И вот уже в начале мая капитан императорской яхты «Штандарт» получил приказ сняться с якоря и следовать в Гамбург – там после окончания штутгартского визита на его борт должен был подняться Александр II со свитой. Сам император днём позже двинулся в Штутгарт в салон-вагоне своего личного поезда: в Вюртембергском Королевстве ему предстояло почтить своим присутствием ещё одну свадьбу – своей племянницы, Великой княжны Веры Константиновны с герцогом Вильгельмом. После этой второй свадьбы в доме Романовых император планировал посетить свою дочь, герцогиню Эдинбургскую, двумя месяцами раньше увезённую супругом в туманный Альбион – для этого ему и требовалась яхта «Штандарт»!
Была у русского императора ещё одна цель, не менее важная, нежели свидание с дочерью: Александр, как уже поминалось, намеревался сделать очередную попытку излечить традиционную английскую русофобию. Повлиять на британский королевский двор в плане смены презрительного недоверии – если не на горячую симпатию, то хотя бы на понимание и терпимость к российской политике на Балканах.

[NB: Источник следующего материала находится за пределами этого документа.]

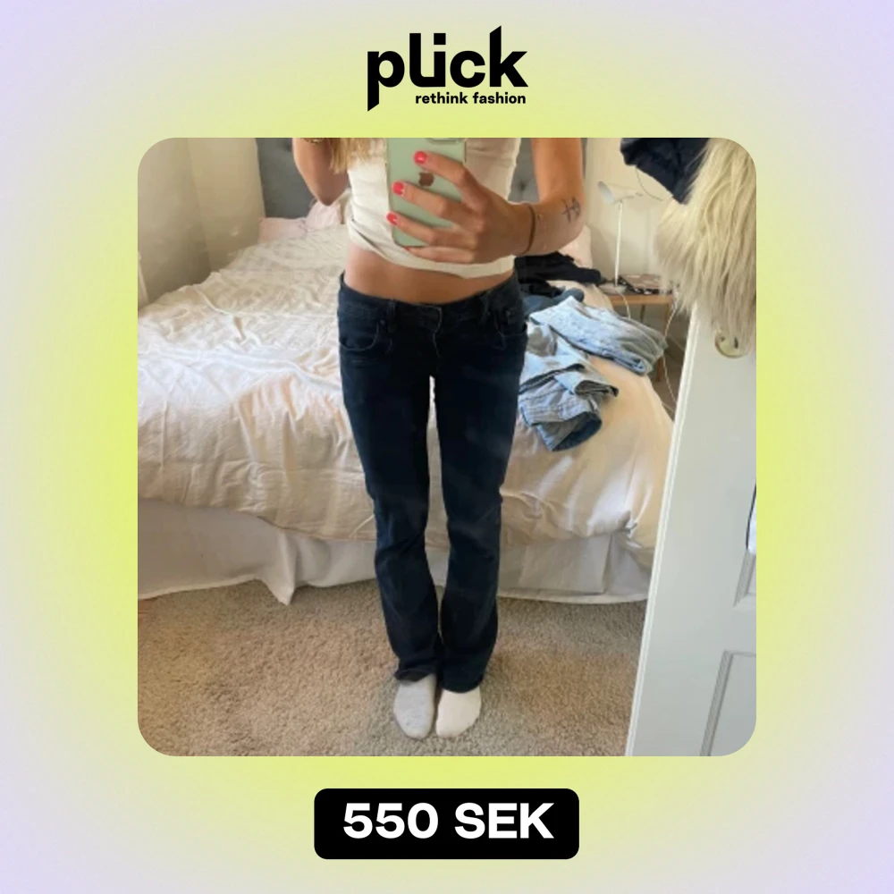 Ltb jeans low waist och valerie! Storlek 27/32 och jag på bilden är 165cm🩷 de är en mörk mörk blå färg

Склонный по характеру к философствованиям, Александр много размышлял о природе британской русофобии и не видел для её возникновения никаких причин. Вторичную волну недоумения государя вызывало полное отсутствие англофобии у своих подданных. Скорее уж наоборот: в подавляющей своей массе образованная часть русского общества весьма приязненно относилась к англичанам и благоволила к их природному душевному равновесию и умению с наивысшим комфортом устраивать свою внутреннюю жизнь.
Александр с горечью осознавал и пропасть, существующую между русским и английским характерами. Император хорошо понимал, что импульсивные, чувствительные и сентиментальные русские никогда не смогут превратиться в степенных, волевых англичан, господствующих над своими чувствами, умеющих скрывать свои страсти и следовать во всём материальным интересам. Всё это не могло привести императора к выводу о том, что столь глубокие различия между русским и англичанином устранить просто невозможно!
Но если их невозможно устранить – неужели он не в силах хотя бы удержать существующую пропасть в её нынешних границах?
Был у Александра и ещё один повод для этого трансъевропейского «блицкрига» – цель, о которой не подозревал до поры до времени даже канцлер Горчаков, неизменно сопровождавший Александра в его зарубежных вояжах и от которого у государя, по его утверждениям, не было тайн.
Проект протокола визита Александра II в Англию, заблаговременно отправленный британской королеве по официальным каналам, вернулся к Горчакову несколько неожиданным путём. Он был доставлен в Гамбург на королевской яхте «Black Eagle», вырвавшейся из метрополии по личному и срочному приказу королевы Виктории. Адмирал Пейн, командир «Чёрного орла» сразу после выхода в пролив приказал поднять давление в котлах паровых машин яхты до возможного предела. У форштевня яхты вскипел пенный бурун, а два британских миноносца почётного сопровождения, отчаянно дымя трубами, едва поспевали за королевским посланцем.
Утвердив и согласовав все предложения Российского МИДа, Виктория даже дополнила протокол военным парадом в честь русского царя, который Александр должен был принимать лично. Но главным сюрпризом было пожелание королевы о том, что на английскую землю русский император должен был ступить непременно с борта её яхты. Её «Чёрного орла»!
Пока Горчаков хмурил брови над британским посланием, припоминая подходящие к случаю международные прецеденты, император, успевший пробежать утверждённый Викторией протокол визита, пожал плечами:
– А что? Это будет даже интересно. Я согласен – если мой «Штандарт» будет идти рядом!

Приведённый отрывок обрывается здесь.